WORK TASK:
Begin with the first line of the entries below. Copy each line exactly, stopping after the one that contains "Diese Halterung in".

==========

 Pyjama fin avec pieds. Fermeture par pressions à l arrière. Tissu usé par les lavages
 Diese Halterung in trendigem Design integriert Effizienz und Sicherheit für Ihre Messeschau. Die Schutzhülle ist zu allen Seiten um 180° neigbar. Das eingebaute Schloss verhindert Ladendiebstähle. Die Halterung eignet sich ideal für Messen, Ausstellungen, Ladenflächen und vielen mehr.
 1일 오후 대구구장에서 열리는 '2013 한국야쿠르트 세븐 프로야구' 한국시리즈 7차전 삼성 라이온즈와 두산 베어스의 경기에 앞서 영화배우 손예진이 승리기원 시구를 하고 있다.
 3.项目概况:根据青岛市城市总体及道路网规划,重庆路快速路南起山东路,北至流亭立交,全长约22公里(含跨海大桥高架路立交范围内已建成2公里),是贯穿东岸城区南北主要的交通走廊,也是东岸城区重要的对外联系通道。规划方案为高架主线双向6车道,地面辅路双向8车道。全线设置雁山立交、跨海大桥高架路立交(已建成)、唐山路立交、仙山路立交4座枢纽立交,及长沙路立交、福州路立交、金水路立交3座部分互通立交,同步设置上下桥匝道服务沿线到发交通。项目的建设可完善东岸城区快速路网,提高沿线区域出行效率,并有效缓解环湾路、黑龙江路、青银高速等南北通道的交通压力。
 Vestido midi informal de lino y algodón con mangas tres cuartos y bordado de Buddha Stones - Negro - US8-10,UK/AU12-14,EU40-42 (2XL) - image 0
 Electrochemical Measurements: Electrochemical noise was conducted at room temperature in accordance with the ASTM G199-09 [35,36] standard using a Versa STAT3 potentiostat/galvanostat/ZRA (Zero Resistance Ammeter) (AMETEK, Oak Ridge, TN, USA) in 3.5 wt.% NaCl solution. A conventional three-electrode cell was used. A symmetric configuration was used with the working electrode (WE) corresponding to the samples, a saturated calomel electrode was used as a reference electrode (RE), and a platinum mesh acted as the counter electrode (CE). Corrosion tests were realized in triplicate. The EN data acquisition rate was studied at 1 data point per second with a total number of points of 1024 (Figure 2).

==========

SOLUTION TO THIS TASK:
 Pyjama fin avec pieds. Fermeture par pressions à l arrière. Tissu usé par les lavages
 Diese Halterung in trendigem Design integriert Effizienz und Sicherheit für Ihre Messeschau. Die Schutzhülle ist zu allen Seiten um 180° neigbar. Das eingebaute Schloss verhindert Ladendiebstähle. Die Halterung eignet sich ideal für Messen, Ausstellungen, Ladenflächen und vielen mehr.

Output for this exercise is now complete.